Spring AI's advanced topics encompass important aspects of advisor management, including order control, state sharing, and streaming capabilities. Advisor execution order is determined by the getOrder() method. State sharing between advisors is enabled through a shared advise-context object, facilitating complex multi-advisor scenarios. The system supports both streaming and non-streaming advisors, allowing for processing of complete requests and responses or handling continuous data streams using reactive programming concepts.
The order of Advisors in the chain is crucial and is determined by the getOrder()

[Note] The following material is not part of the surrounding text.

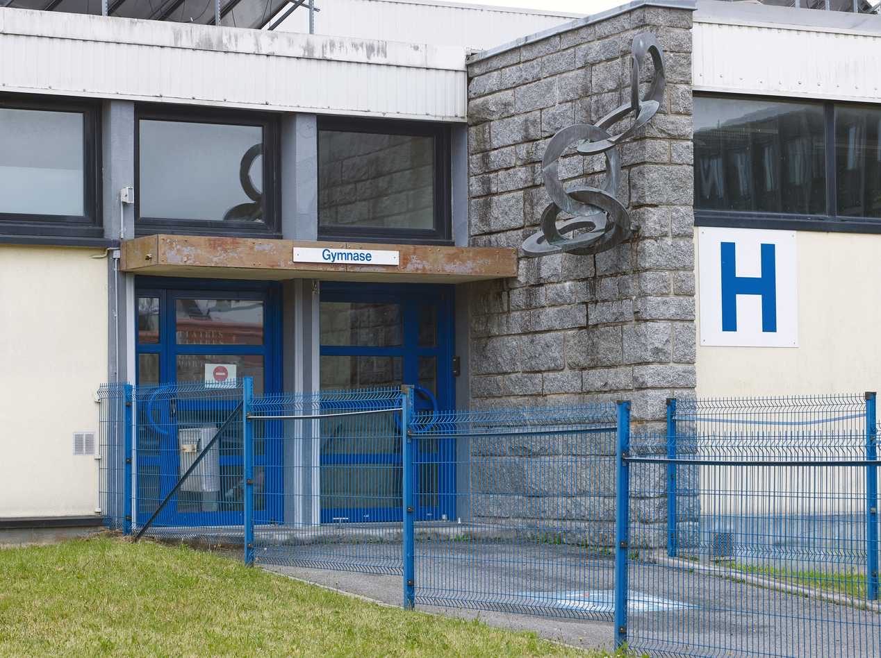 Roger Joncourt, sculpture représentant les 5 anneaux olympiques, dans un mouvement dynamique. Elle est en laiton mis en forme, soudé et patinée. 1974. Vue de situation, sur la façade, à droite de l'entrée du gymnase (René Ouvré architecte, 1963).Immatriculation
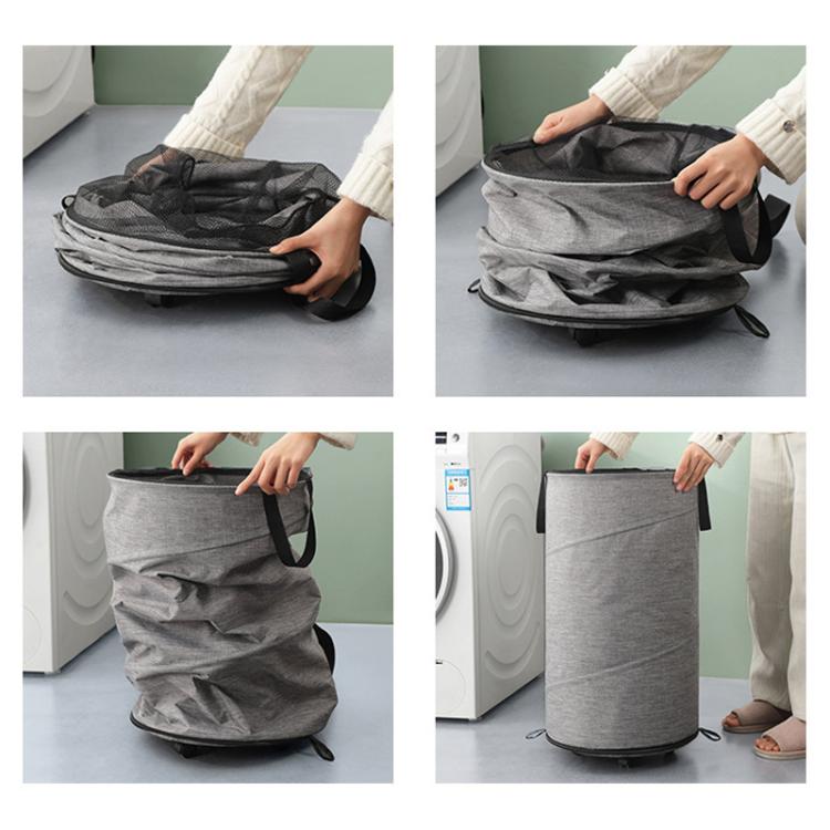 Foldable Rolling Laundry Hamper with Wheels & Straps Large Capacity Collapsible Clothes Basket(Gray)

method. Advisors with lower order values are executed first.
Because the advisor chain is a stack, the first advisor in the chain is the last to process the request and the first to process the response.
If you want to ensure that an advisor is executed last, set its order close to the Ordered.LOWEST_PRECEDENCE
value and vice versa to execute first set the order close to the Ordered.HIGHEST_PRECEDENCE
value.
If you have multiple advisors with the same order value, the order of execution is not guaranteed.
Both the AdvisedRequest
and the AdvisedResponse
share an advise-context object.
You can use the advise-context
to share state between the advisors in the chain, and build more complex processing scenarios that involve multiple advisors.
Spring AI supports both streaming and non-streaming Advisors. Non-streaming Advisors work with complete requests and responses, while streaming Advisors handle continuous streams using reactive programming concepts (e.g., Flux for responses).
For streaming advisors, it's crucial to note that a single AdvisedResponse
instance represents only a chunk (i.e., part) of the entire Flux<AdvisedResponse>
response. In contrast, for non-streaming advisors, the AdvisedResponse
encompasses the complete response.
advise-context
to share state between Advisors when necessary.Spring AI Advisors provide a powerful and flexible way to enhance your AI applications. By leveraging this API, you can create more sophisticated, reusable, and maintainable AI components. Whether you're implementing custom logic, managing conversation history, or improving model reasoning, Advisors offer a clean and efficient solution.
We encourage you to experiment with Spring AI Advisors in your projects and share your custom implementations with the community. The possibilities are endless, and your innovations could help shape the future of AI application development!
Happy coding, and may your AI applications be ever more intelligent and responsive!